Just look at our recent history. We have recently emerged from a global pandemic, which served as a canary in the coal mine. The rise in global disease burden led to collapse of our systems. While 90% of countries saw disruptions in almost every health service during the pandemic, the global economy lost trillions of dollars, and we lost progress with around 100 million people falling into poverty. Despite our pandemic fatigue, we cannot pretend that climate change is anything but our biggest health crisis to date. And we are still not ready.

The implications are not just profound; they also reach across every aspect of our lives. We face a direct impact on our health — increased risks of diseases carried by mosquitoes and animals, malnutrition and food insecurity, mental health burdens, and maternal and child mortality — and on our livelihoods, economic growth, and individual and community security and well-being as our ability to go to work or to school or to care for loved ones is affected.

Here in the United States, heat-related stress and illness alone cost the country more than $100 billion a year in lost productivity. This figure is expected to double by 2030.

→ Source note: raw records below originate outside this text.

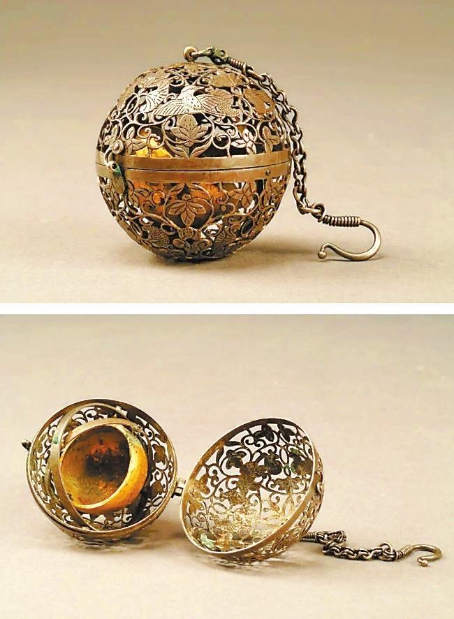 香囊最出彩的地方是機環常平架技術,是一種利用球體內兩個同心機環與中央焚香盂之間的重力作用,使其在自由轉動的時候,始終能保持平衡的機械原理。唐代的香囊豐富多樣,這種金屬造型的香囊設計更為機巧精致,深受妃后、貴婦們所推崇喜愛,它上承漢代的常平架技術,下延現代陀螺儀萬向支架技術,是中國古代科學技術與手工藝技術對世界的杰出貢獻。
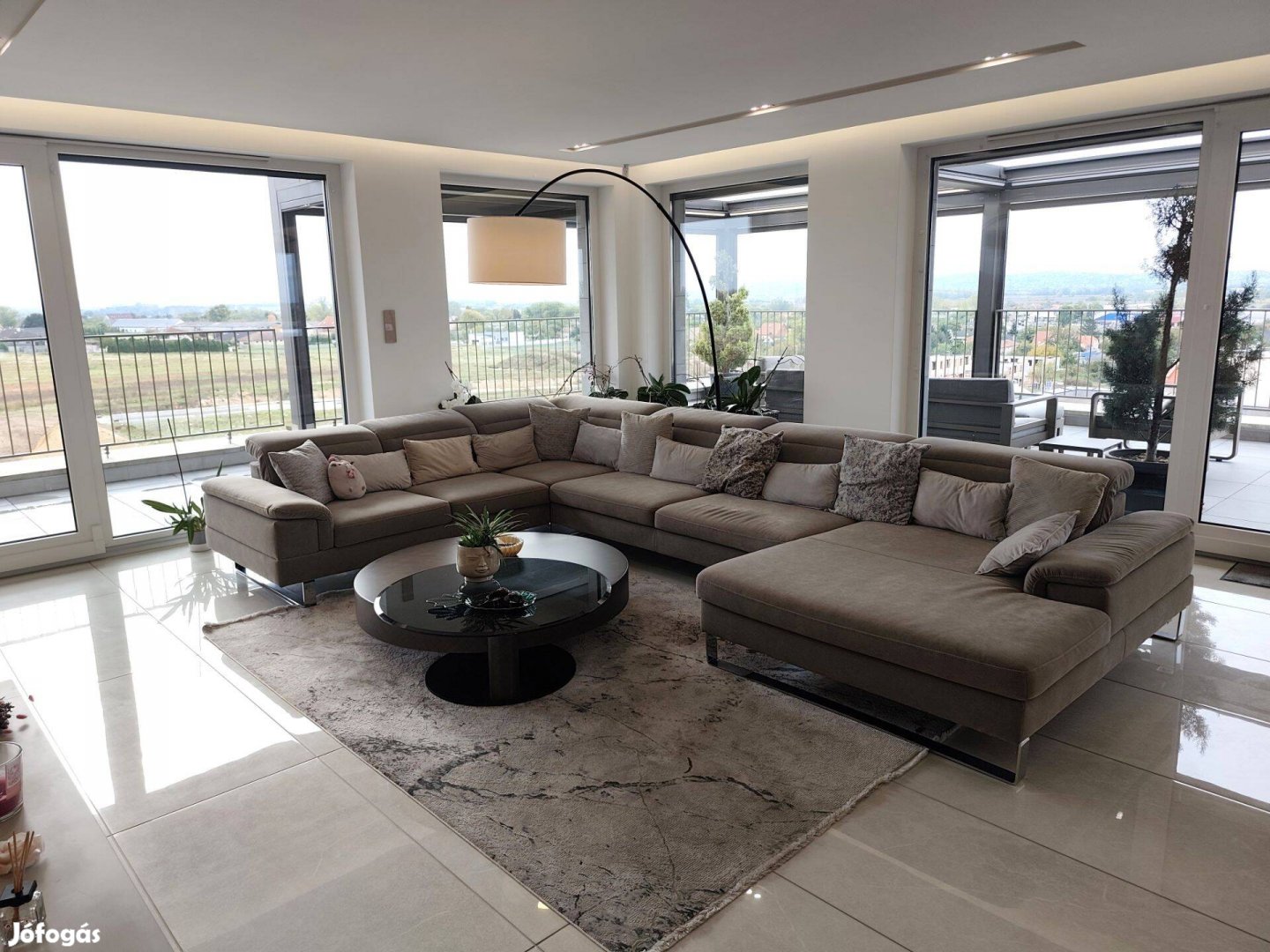 Megvásárlásra kínálunk egy Exclusive, minden igényt kielégítő Penthouse lakást a város Legmagasabb pontján épült társasház Legfelső emeletén. A lakásban a nappali-konyha-étkező egységen felül, 3 hálószoba, hobbiszoba, szivarszoba, 2 fürdőszoba, 2 toilet, háztartási helyiség és közlekedő található nettó 170 négyzetméteren. A lakás minden irányból teraszkapcsolatos és összesen 140 négyzetméternyi kinti életteret biztosít az itt élők számára.
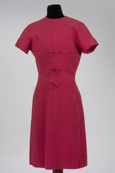 Hallonröd, figurskuren klänning med kort ärm. Bakstycket skuret vid midjan. Framstycket skuret i tre fält; ett vid bysten, ett strax ovanför midjan samt i ett rundat fält på framstyckets kjoldel. Vid varje skärning har ett blankt passpoalband sytts fast. På framstycket har varje passpoalband en rosett mitt fram. Rundad halsringning. Lång dragkedja mitt bak. Klänningen är fodrad med röd polyester. Märkt till vänster om dragkedjan med vit etikett med texten "Pierre Balmain Ready to wear by Torella" vid halsringningen på vänster axel en liten vit etikett med storleksangivelsen "36". I fodret en vit etikett med svensk text "KEMTVÄTT EJ TRI". Plagget ger intryck av att vara omsytt bland annat vid blixtlåsen.

We must start reducing our greenhouse gas emissions immediately. We must invest in human well-being, such as resilient health systems that can ensure adaptation to the growing burdens of disease and impacts of extreme weather and heat that are killing us daily.

We are facing a choice. And our leaders are making the wrong one. Our very human survival is on the line. We can choose differently, and we must.

The apocalyptic challenges we confront today reflect a third pandemic — one of poor and expedient choices by world leaders, the private sector and a powerful few who drive the decisions that continue to harm our planet and its population.

We must pivot to a new ambitious path.